DATES: Any interested person may ask the Commission not to accept this
agreement or otherwise comment on its contents by filing a written
request with the Office of the Secretary by September 20, 2001.
ADDRESSES: Persons wishing to comment on this Settlement Agreement
should send written comments to the Comment 01-C0011, Office of the
Secretary, Consumer Product Safety Commission, Washington, DC 20207.
FOR FURTHER INFORMATION CONTACT: Howard N. Tarnoff, Trial Attorney,
Office of Compliance, Consumer Product Safety Commission, Washington,
DC 20207; telephone (301) 504-0626, 1382.
SUPPLEMENTARY INFORMATION: The text of the Agreement and Order appears
below.
Dated: August 29, 2001.
Todd A. Stevenson,
Acting Secretary.
Consent Agreement
This Consent Agreement is made by and between the staff of the
Consumer Product Safety Commission, and HMB Corporation (f/k/a Taylor
Electric Supply, Inc.) ``HMB''), a domestic corporation, to settle the
staff's allegations that HMB, doing business as Taylor Electric Supply,
distributed in commerce certain allegedly defective in-wall electric
heaters manufactured by Cadet Manufacturing Company (``Cadet''), a
domestic corporation, with its principal place of business located at
2500 West Fourth Plain Boulevard, Vancouver, Washington 98660.
Parties
1. The ``staff'' is the staff of the Consumer Product Safety
Commission (``the CPSC'' or ``the Commission''), an independent
regulatory agency of the United States of America, established by
Congress pursuant to section 4 of the Consumer Product Safety Act
(``CPSA''), 15 U.S.C. 2053, as amended.
2. Respondent HMB is a corporation organized and existing under the
laws of the State of Oregon. HMB owns and maintains two commercial
buildings and the property on which they are located at 1709 S.E. 3rd
Ave., and 240 S.E. Clay Blvd., Portland, Oregon.

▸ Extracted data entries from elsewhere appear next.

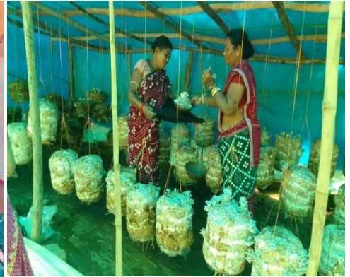
SHG involved in mushroom cultivation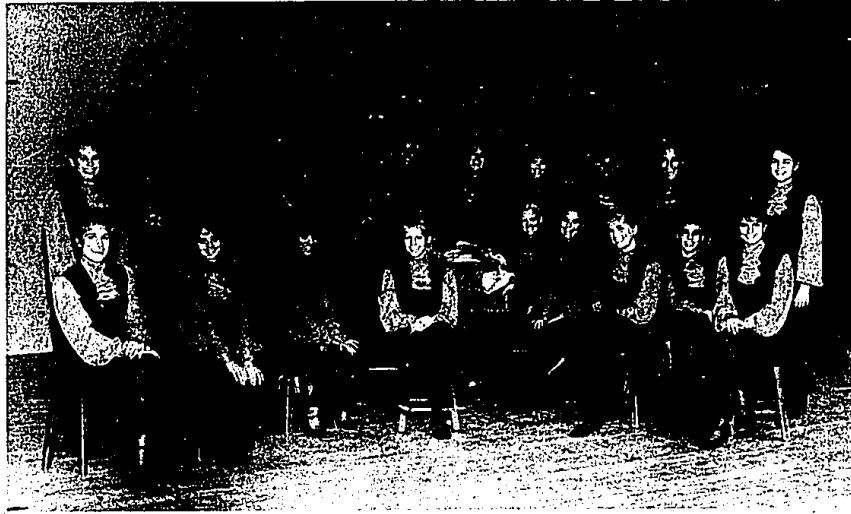
Every year for the past 28 years 20 girls from Mercy High School have been selected by audition to become a Mercyaire. They are singers and dancers, and many play musical instruments to accompany themselves for 60-70 performances every school season. Their audiences may be in country clubs or they may be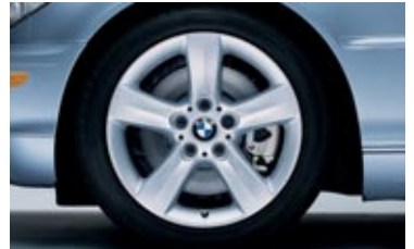
The 325Ci Sport Package includes Five Spoke (Styling 119) 17 x 8.0 cast alloy wheels and 225/45R-17 performance tires. 1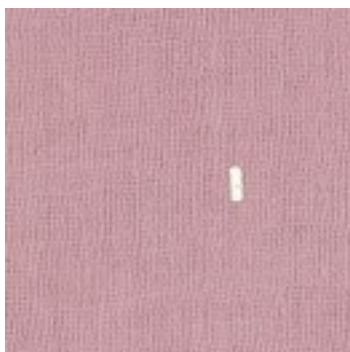
07261.008 OLD ROSE/GOLD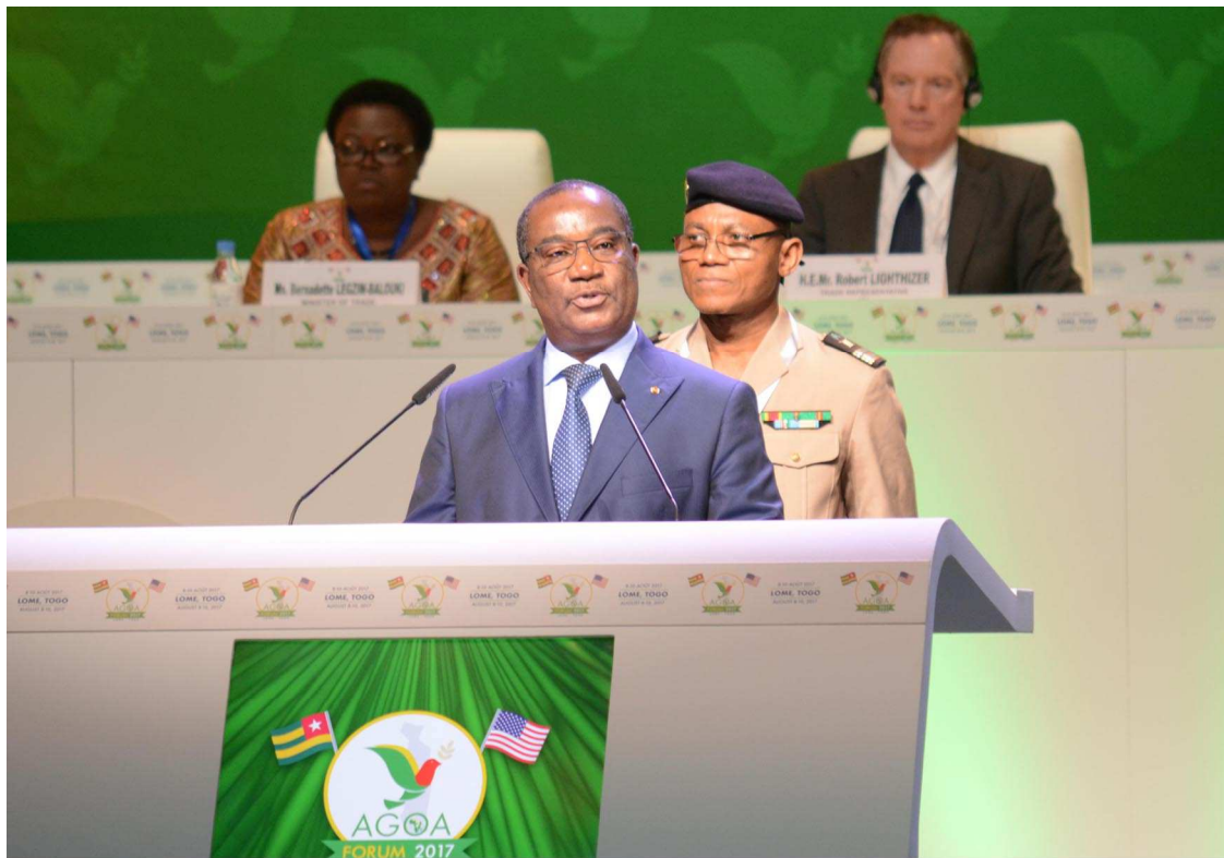
H.E. Mr. Komi Sélom KLASSOU, Prime Minister, Head of Togolese Government, Opening Speech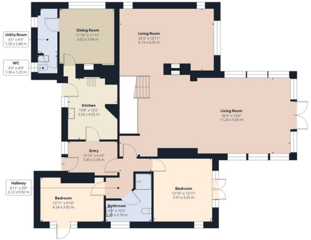
First Floor Building 1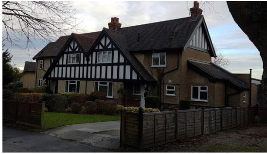
Figure 2.2 “Tudorbethan” style house in The Avenue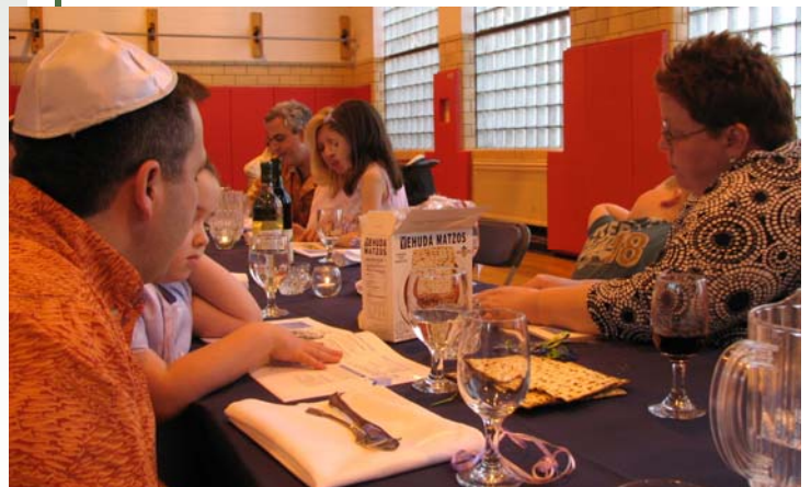
The Seder meal last Sunday at St. A's.

is celebrated on Saturdays, after the 8:15 am Eucharist until 9:30 am, in the sacristy near the front doors of the Church during the Holy Hour. Communal Reconciliation Services are held during Advent and Lent.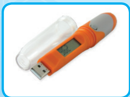
Easy to use USB data logger RMBL51TA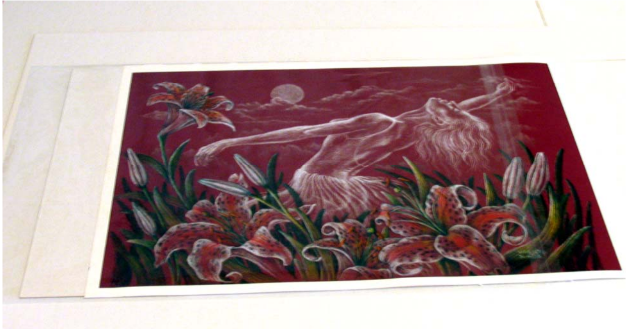
Inserting Print into Clear Bag Envelope with Backer Board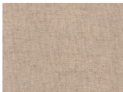
DEN-L-4000 SOFT SAND

HMB leases the
property to Rexel Taylor Corporation, which, through its subsidiary
Summers Group, Inc., purchased HMB's wholesale electrical distribution
business in 1997.
Subject Matter
3. Since approximately 1978, Cadet allegedly manufactured, sold
and/or distributed in commerce in-wall electric heaters for use in
homes and residences under the brand names ``Cadet'' and ``Encore.''
These include all models and variants within each model of the series
[[Page 46435]]
FW (including models FW-051, FW-101, FW-122, FW-202, and FW-751),
manufactured between 1978 and 1987; series FX (including models FX-051,
FX-052, FX-071, FX-072, FX-101, FX-102, FX-122, FX-151, FX-152, FX-202,
and FX-242), manufactured between 1985 and 1994; series LX (including
models LX-242, LX-302, LX-402, and LX-482), manufactured between 1985
and 1994; series TK (including models TK-051, TK-071, TK-072, TK-101,
TK-102, TK-151, and TK-152), manufactured between 1984 and 1998; series
ZA (including models ZA-051, ZA-052, ZA-071, ZA-072, ZA-101, ZA-102,
ZA-122, ZA-151, ZA-152, ZA-202, and ZA-242), manufactured between 1985
and 1994; series Z (including models Z-072, Z-101, Z-102, Z-151, Z-152,
Z-202, and Z-208), manufactured between 1993 and 1999; and all series
and models of the same or functionally identical heaters manufactured
and distributed by Cadet under the Encore brand name, including series
RX (including modes RX-072, RX-101, RX-102, RX-151, RX-152, RX-202, and
RX-242), manufactured between 1985 and 1994; series RLX (including
models RLX-302, RLX-402, and RLX-482) manufactured between 1985 and
1994; series RK (including models RK-101 and RK-102), manufactured
between 1984 and 1998; series RA (including models RA-101, RA-102, RA-
151, RA-152, and RA-202), manufactured between 1985 and 1994; series ZC
(including models ZC-072, ZC-101 ZC-102, ZC-151, ZC-152, ZC-202, and
ZC-208), manufactured between 1993 and 1999; and series RW,
manufactured between 1978 and 1981. For each of these heaters, the
variants signified by the suffix T (with thermostat), W (white color),
and TW (with thermostat and white color) found after the model number
are included. All the heaters and variants referred to in this
paragraph shall hereinafter be collectively referred to as ``the
Heaters.'' The Heaters were sold and/or distributed to consumers
principally in the States of California, Idaho, Montana, Oregon, and
Washington. Between approximately 1982 and 1997, Taylor Electric Supply
allegedly sold and/or distributed certain of the Heaters in commerce.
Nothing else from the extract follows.